**Task details:**
The answer is to contain only the line containing "Natural wood DINING" and the lines after it through the last one, each reproduced exactly as it appears below.

**Data for this task:**
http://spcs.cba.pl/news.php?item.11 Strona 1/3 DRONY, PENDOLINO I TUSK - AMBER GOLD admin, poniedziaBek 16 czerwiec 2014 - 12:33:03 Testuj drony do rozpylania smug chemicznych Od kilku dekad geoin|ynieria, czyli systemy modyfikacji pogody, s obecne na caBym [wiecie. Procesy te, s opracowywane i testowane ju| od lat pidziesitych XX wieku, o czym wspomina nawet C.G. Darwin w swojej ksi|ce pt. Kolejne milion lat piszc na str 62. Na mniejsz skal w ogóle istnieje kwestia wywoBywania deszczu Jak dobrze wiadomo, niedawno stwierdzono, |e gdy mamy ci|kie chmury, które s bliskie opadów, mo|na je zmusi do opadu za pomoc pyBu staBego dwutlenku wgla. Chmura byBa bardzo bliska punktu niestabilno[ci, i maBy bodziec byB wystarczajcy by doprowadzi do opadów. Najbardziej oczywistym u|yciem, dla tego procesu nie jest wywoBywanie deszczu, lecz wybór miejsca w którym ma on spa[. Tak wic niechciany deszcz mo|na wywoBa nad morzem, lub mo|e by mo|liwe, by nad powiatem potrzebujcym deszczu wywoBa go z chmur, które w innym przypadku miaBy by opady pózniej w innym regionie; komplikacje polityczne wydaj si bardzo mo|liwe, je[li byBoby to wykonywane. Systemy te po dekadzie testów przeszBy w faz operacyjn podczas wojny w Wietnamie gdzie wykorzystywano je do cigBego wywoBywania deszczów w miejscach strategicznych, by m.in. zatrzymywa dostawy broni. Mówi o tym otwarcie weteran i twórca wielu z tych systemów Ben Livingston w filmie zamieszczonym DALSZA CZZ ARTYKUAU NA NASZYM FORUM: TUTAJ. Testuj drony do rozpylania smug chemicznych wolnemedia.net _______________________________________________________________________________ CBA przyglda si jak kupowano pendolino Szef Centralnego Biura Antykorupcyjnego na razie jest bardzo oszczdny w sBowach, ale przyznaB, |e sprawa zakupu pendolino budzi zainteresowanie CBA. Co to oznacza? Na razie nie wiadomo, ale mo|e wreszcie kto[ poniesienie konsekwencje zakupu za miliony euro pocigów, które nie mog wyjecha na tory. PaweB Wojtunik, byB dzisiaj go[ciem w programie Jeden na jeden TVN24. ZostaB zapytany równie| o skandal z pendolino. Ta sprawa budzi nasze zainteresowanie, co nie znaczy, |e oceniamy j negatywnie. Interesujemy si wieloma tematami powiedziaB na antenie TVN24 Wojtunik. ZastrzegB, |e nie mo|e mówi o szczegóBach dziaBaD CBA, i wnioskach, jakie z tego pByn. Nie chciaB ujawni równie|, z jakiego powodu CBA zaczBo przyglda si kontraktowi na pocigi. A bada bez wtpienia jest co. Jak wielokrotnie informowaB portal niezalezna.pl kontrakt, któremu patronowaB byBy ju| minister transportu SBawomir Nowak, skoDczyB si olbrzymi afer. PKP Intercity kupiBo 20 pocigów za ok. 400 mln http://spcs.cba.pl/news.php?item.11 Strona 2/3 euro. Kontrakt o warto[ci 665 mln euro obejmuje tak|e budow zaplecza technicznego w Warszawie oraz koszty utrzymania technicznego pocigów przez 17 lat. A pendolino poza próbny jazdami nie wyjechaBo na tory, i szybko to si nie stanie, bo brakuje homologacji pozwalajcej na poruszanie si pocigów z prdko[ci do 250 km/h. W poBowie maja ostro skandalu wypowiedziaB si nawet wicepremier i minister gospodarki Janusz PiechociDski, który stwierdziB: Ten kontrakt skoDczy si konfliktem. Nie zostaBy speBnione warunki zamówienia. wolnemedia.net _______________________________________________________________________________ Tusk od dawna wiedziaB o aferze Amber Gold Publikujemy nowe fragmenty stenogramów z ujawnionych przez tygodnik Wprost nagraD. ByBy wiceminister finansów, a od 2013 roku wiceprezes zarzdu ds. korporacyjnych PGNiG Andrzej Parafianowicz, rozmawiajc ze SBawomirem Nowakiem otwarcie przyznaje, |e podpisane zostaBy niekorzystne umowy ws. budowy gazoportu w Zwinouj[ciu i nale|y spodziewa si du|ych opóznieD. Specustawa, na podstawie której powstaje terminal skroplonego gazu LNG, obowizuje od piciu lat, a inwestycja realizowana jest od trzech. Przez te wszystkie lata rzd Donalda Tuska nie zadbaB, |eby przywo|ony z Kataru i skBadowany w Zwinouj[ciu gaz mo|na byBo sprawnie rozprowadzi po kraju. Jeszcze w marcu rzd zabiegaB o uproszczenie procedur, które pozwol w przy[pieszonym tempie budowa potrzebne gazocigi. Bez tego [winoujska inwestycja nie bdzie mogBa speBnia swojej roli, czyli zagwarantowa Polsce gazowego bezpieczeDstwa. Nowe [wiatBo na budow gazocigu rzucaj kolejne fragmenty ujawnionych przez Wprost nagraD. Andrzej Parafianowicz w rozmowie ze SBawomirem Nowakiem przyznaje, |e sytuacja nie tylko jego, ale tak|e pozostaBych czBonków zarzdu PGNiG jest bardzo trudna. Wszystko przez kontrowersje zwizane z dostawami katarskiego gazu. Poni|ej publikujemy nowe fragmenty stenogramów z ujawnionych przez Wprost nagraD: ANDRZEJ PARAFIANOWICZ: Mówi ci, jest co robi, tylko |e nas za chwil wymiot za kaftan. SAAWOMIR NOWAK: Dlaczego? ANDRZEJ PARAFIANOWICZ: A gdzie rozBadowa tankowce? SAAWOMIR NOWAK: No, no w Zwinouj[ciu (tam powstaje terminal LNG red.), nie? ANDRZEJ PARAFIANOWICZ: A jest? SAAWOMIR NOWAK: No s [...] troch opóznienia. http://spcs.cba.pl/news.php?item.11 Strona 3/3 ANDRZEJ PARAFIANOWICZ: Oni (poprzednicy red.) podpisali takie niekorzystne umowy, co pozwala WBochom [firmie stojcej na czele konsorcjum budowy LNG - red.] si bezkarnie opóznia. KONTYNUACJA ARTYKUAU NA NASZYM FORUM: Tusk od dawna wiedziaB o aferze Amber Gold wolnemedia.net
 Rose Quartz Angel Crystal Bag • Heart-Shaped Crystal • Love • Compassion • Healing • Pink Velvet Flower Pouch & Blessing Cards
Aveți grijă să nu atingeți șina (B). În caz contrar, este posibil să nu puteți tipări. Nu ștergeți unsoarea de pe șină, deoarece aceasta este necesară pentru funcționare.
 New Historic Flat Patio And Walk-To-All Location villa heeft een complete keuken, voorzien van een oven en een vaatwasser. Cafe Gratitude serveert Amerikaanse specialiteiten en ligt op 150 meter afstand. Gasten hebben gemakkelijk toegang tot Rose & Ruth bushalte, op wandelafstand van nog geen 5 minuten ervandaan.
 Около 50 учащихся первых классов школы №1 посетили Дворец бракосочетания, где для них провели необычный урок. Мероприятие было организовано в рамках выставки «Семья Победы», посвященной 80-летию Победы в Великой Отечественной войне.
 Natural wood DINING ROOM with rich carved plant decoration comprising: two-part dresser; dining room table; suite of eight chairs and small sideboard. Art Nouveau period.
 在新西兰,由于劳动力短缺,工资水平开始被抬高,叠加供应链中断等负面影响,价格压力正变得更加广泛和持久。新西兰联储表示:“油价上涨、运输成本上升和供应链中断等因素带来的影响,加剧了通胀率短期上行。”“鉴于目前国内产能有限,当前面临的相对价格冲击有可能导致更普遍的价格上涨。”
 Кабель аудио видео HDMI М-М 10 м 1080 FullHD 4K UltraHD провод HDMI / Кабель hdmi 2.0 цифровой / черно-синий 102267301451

**Exercise output:**
 Natural wood DINING ROOM with rich carved plant decoration comprising: two-part dresser; dining room table; suite of eight chairs and small sideboard. Art Nouveau period.
 在新西兰,由于劳动力短缺,工资水平开始被抬高,叠加供应链中断等负面影响,价格压力正变得更加广泛和持久。新西兰联储表示:“油价上涨、运输成本上升和供应链中断等因素带来的影响,加剧了通胀率短期上行。”“鉴于目前国内产能有限,当前面临的相对价格冲击有可能导致更普遍的价格上涨。”
 Кабель аудио видео HDMI М-М 10 м 1080 FullHD 4K UltraHD провод HDMI / Кабель hdmi 2.0 цифровой / черно-синий 102267301451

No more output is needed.